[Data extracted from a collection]
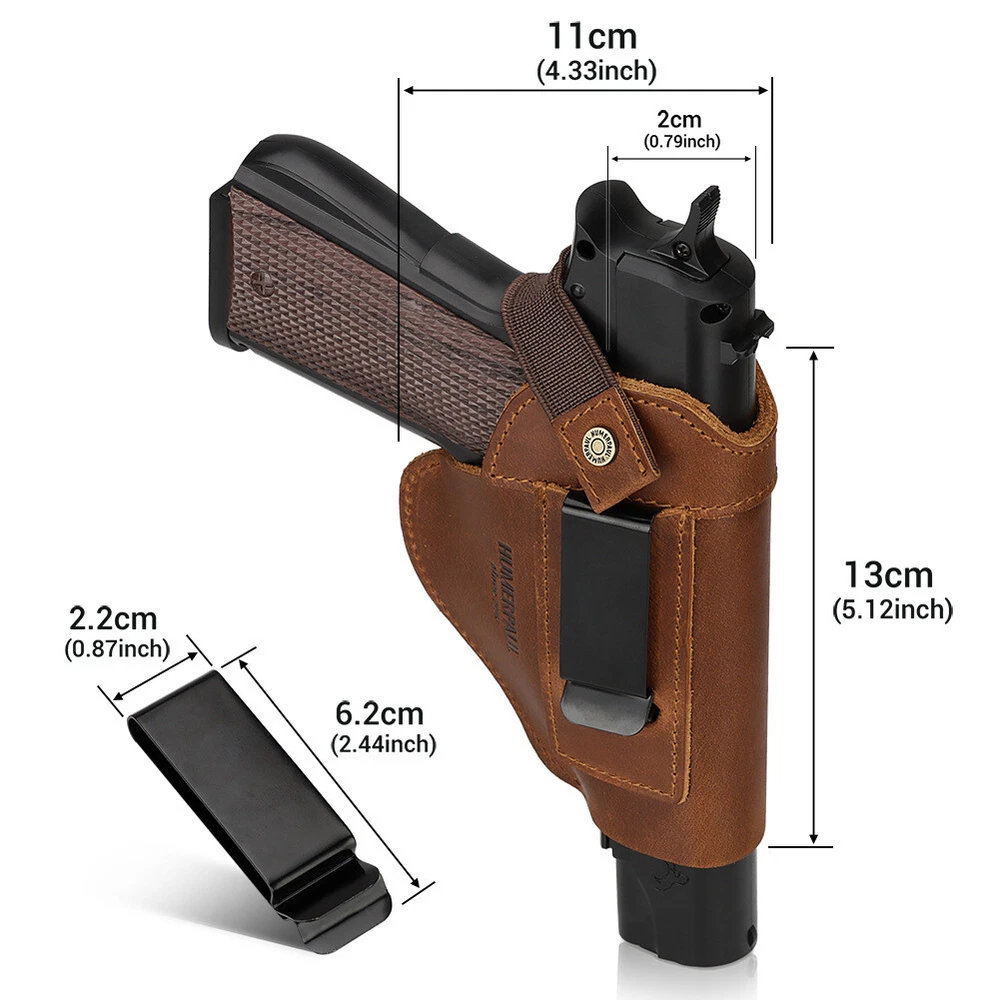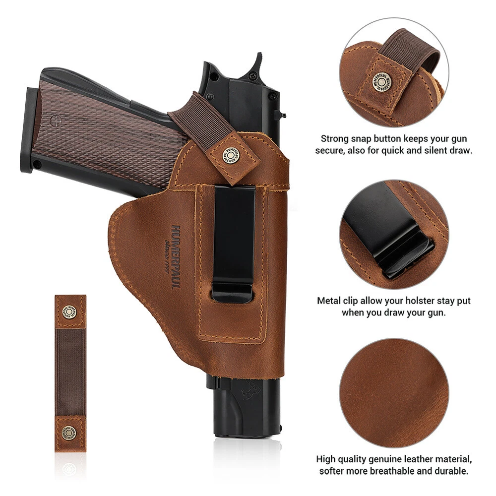TAKE A LOOK AT THIS:Leather Gun Holster With Concealed Carry Holsters Belt Universal Tactical Gun Case Fit Most Full Size Compact Subcompact Pistol PRODUCT PROPERTY:✨ 1: Humerpaul offer amazing our product.Materials like leather are used in making our product.Our product is from cn(origin). REASONS TO BUY:✨ Leather concealed carry holsters: this gun holster for concealed carry can be used as a concealer belt or a tactical pouch. it is also an ideal choice for hunting, hiking, camping, and other outdoor activities. ✨ Carry holster accessories: the holster is designed to fit in your pocket, backpack or belt. it's perfect for carrying your gun and other accessories. ✨ Leather pistol cases: the gun holster is made of high quality pu leather, which is durable and waterproof. it can protect your firearm from scratches and damage. RELATED INFO:✨ Leather gun holster concealed: our concealed carry holster is made of premium leather, which will not scratch your gun. it has an adjustable strap that can be adjusted to fit most pistols.
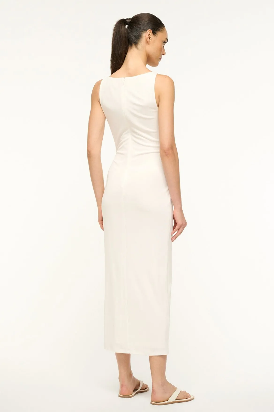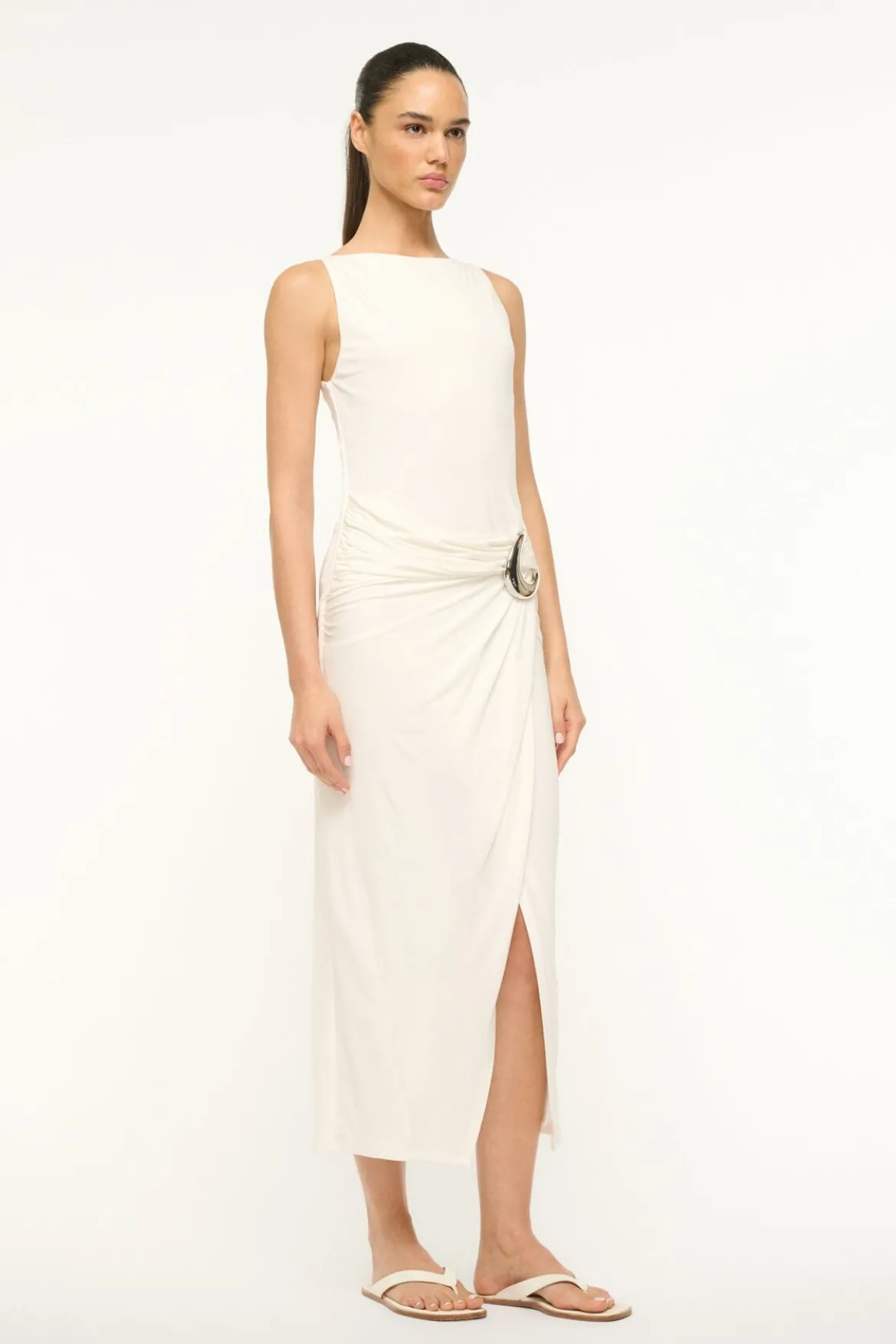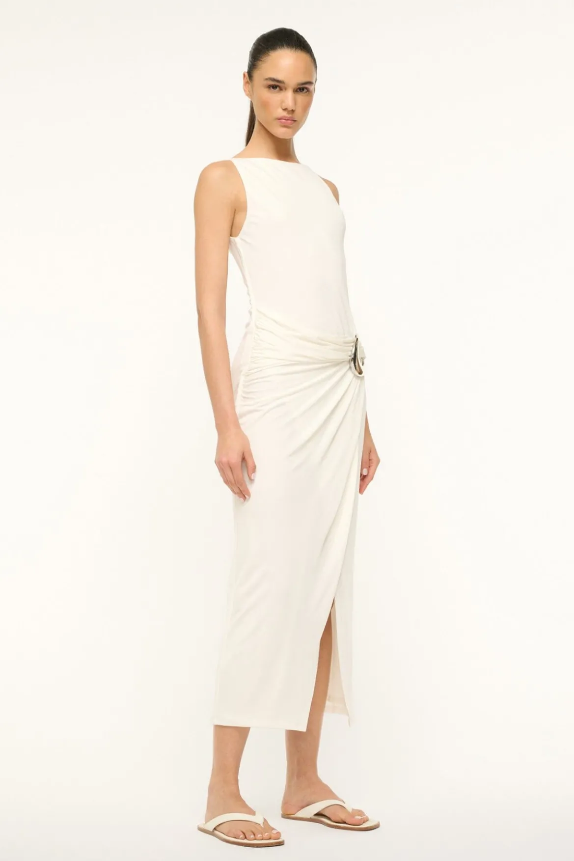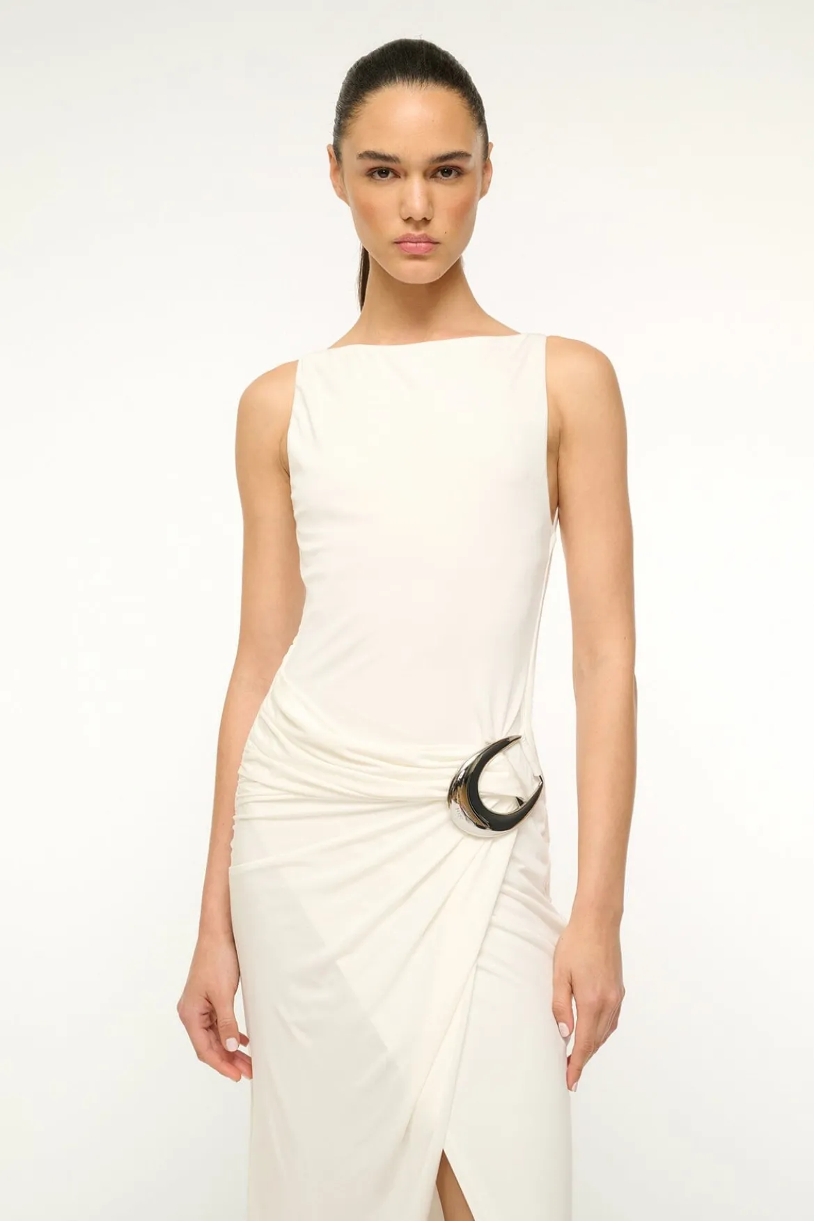 A sleeveless boatneck jersey dress, the Talia features a wrap skirt and oversized custom moon buckle hardware detail gathered at the waist.
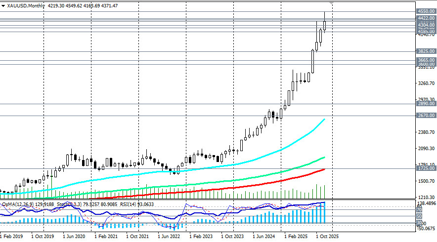 После вчерашнего обвала на фоне широкой фиксации прибыли и перераспределению позиций сегодня пара XAU/USD восстанавливается, понемногу отыгрывая вчерашнее падение. На текущий момент и в начале американской торговой сессии XAU/USD торгуется вблизи отметки 4381.00, тестируя максимумы октября на пробой. В то же время, активность остаётся низкой: большинство инвесторов готовятся к новогодним торгам и не спешат открывать новые позиции, отметили мы в нашем сегодняшнем фундаментальном анализе и обзоре «XAU/USD: фиксация прибыли и коррекция рынка драгметаллов». Если рост цены продолжится, то ближайшей
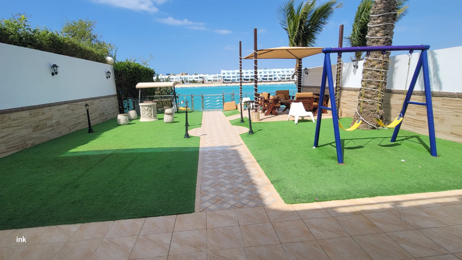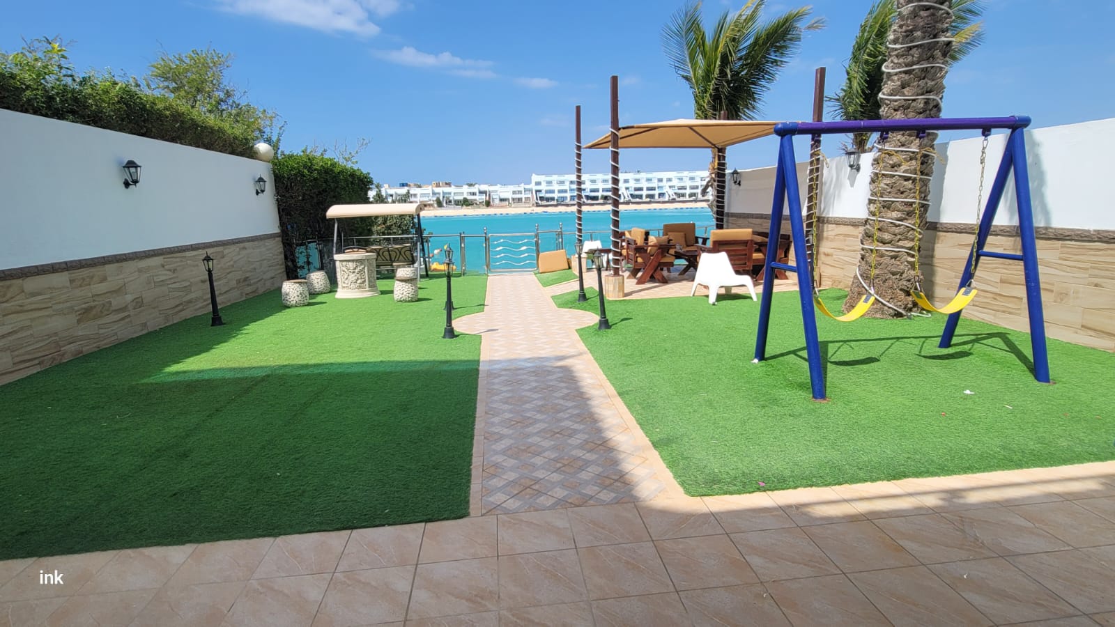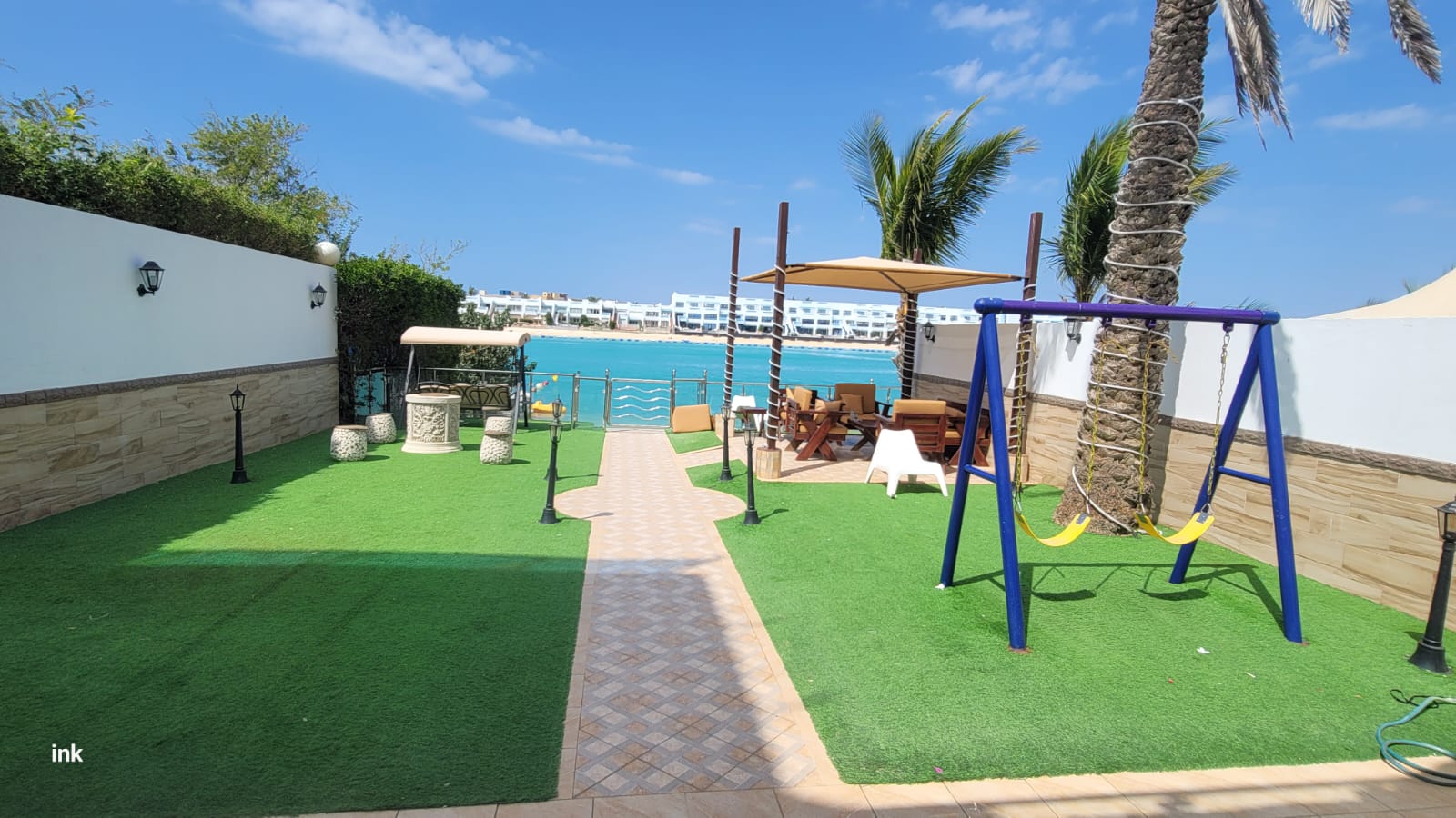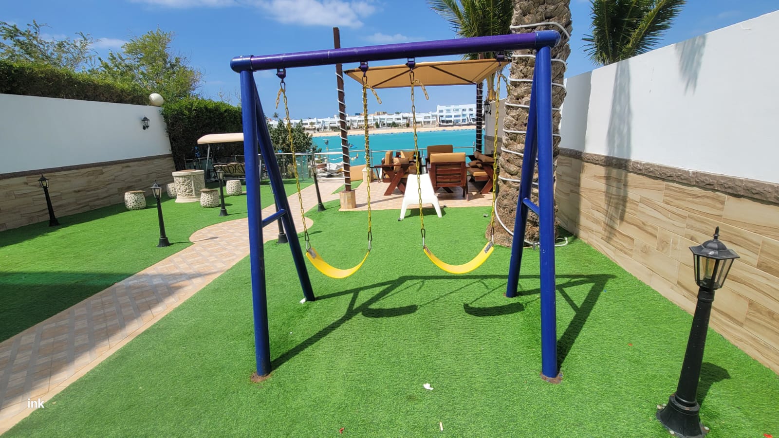 أما المساحات الخارجية، فتضم مسبحًا خاصًا للاستمتاع بالسباحة، وشاطئ رملي مثالي للاسترخاء. للأطفال، هناك منطقة ألعاب مخصصة لهم. الحديقة المطلة على الشاطئ تُعد مكانًا رائعًا للجلسات الخارجية، حيث توجد طاولات جلوس للاستمتاع بالهواء النقي والمناظر الطبيعية.
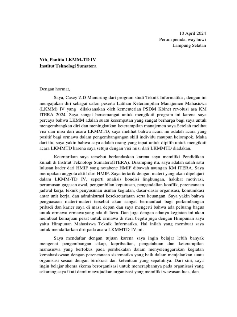 Yth, Panitia LKMM-TD IV
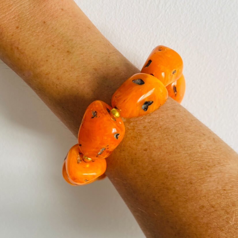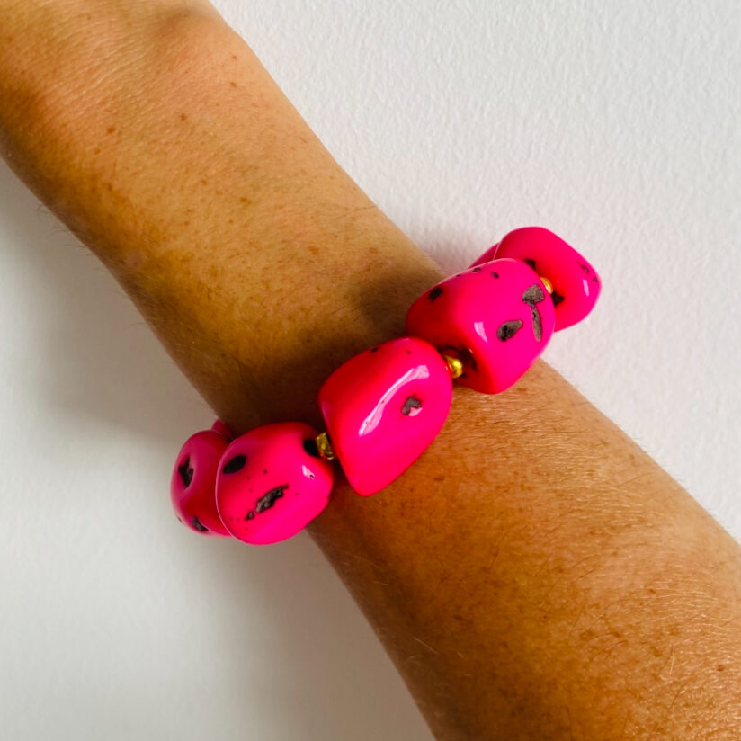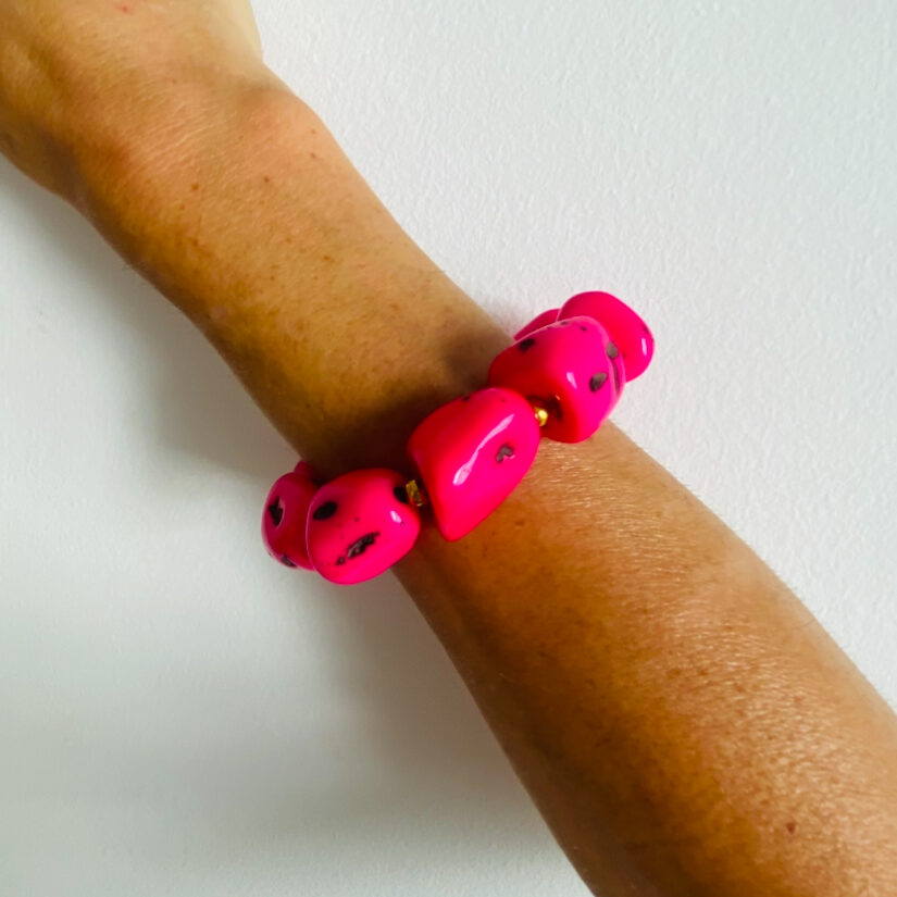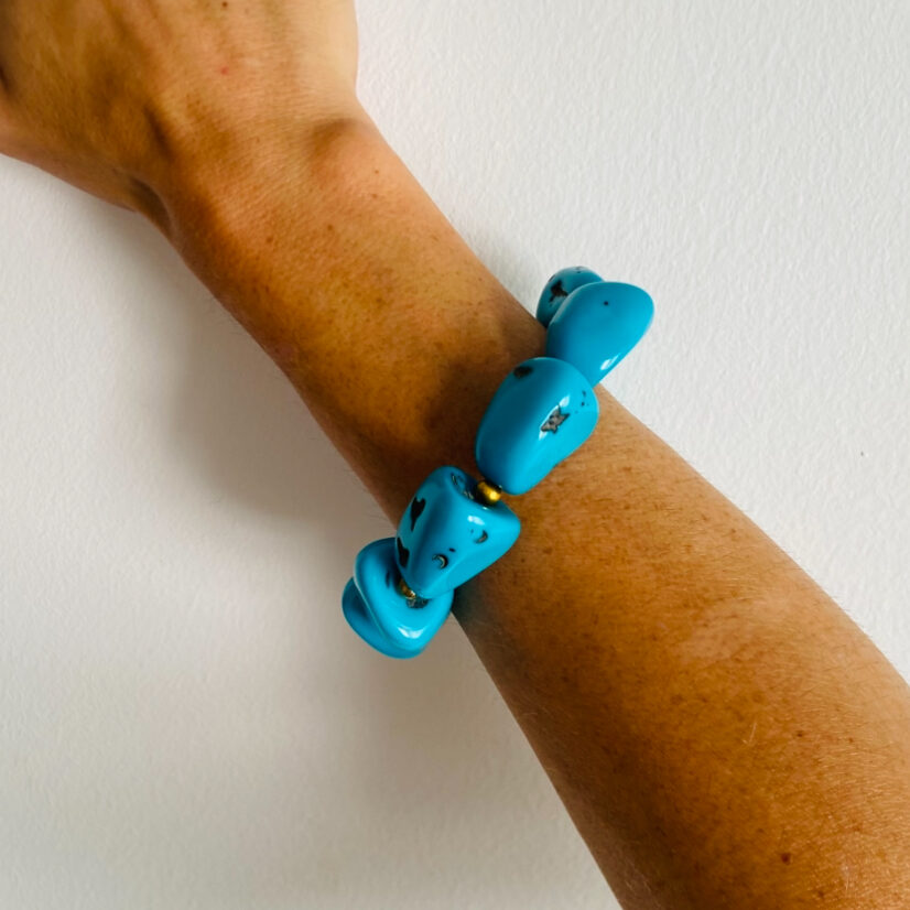 El brazalete elástico con piedras grandes es un accesorio artesanal lleno de fuerza y estilo.

▶ [PROBLEM DESCRIPTION]: Except for the pictures, set down each line of the records exactly as it appears.

▶ [TASK SOLUTION]:
TAKE A LOOK AT THIS:Leather Gun Holster With Concealed Carry Holsters Belt Universal Tactical Gun Case Fit Most Full Size Compact Subcompact Pistol PRODUCT PROPERTY:✨ 1: Humerpaul offer amazing our product.Materials like leather are used in making our product.Our product is from cn(origin). REASONS TO BUY:✨ Leather concealed carry holsters: this gun holster for concealed carry can be used as a concealer belt or a tactical pouch. it is also an ideal choice for hunting, hiking, camping, and other outdoor activities. ✨ Carry holster accessories: the holster is designed to fit in your pocket, backpack or belt. it's perfect for carrying your gun and other accessories. ✨ Leather pistol cases: the gun holster is made of high quality pu leather, which is durable and waterproof. it can protect your firearm from scratches and damage. RELATED INFO:✨ Leather gun holster concealed: our concealed carry holster is made of premium leather, which will not scratch your gun. it has an adjustable strap that can be adjusted to fit most pistols.
 A sleeveless boatneck jersey dress, the Talia features a wrap skirt and oversized custom moon buckle hardware detail gathered at the waist.
 После вчерашнего обвала на фоне широкой фиксации прибыли и перераспределению позиций сегодня пара XAU/USD восстанавливается, понемногу отыгрывая вчерашнее падение. На текущий момент и в начале американской торговой сессии XAU/USD торгуется вблизи отметки 4381.00, тестируя максимумы октября на пробой. В то же время, активность остаётся низкой: большинство инвесторов готовятся к новогодним торгам и не спешат открывать новые позиции, отметили мы в нашем сегодняшнем фундаментальном анализе и обзоре «XAU/USD: фиксация прибыли и коррекция рынка драгметаллов». Если рост цены продолжится, то ближайшей
 أما المساحات الخارجية، فتضم مسبحًا خاصًا للاستمتاع بالسباحة، وشاطئ رملي مثالي للاسترخاء. للأطفال، هناك منطقة ألعاب مخصصة لهم. الحديقة المطلة على الشاطئ تُعد مكانًا رائعًا للجلسات الخارجية، حيث توجد طاولات جلوس للاستمتاع بالهواء النقي والمناظر الطبيعية.
 Yth, Panitia LKMM-TD IV
 El brazalete elástico con piedras grandes es un accesorio artesanal lleno de fuerza y estilo.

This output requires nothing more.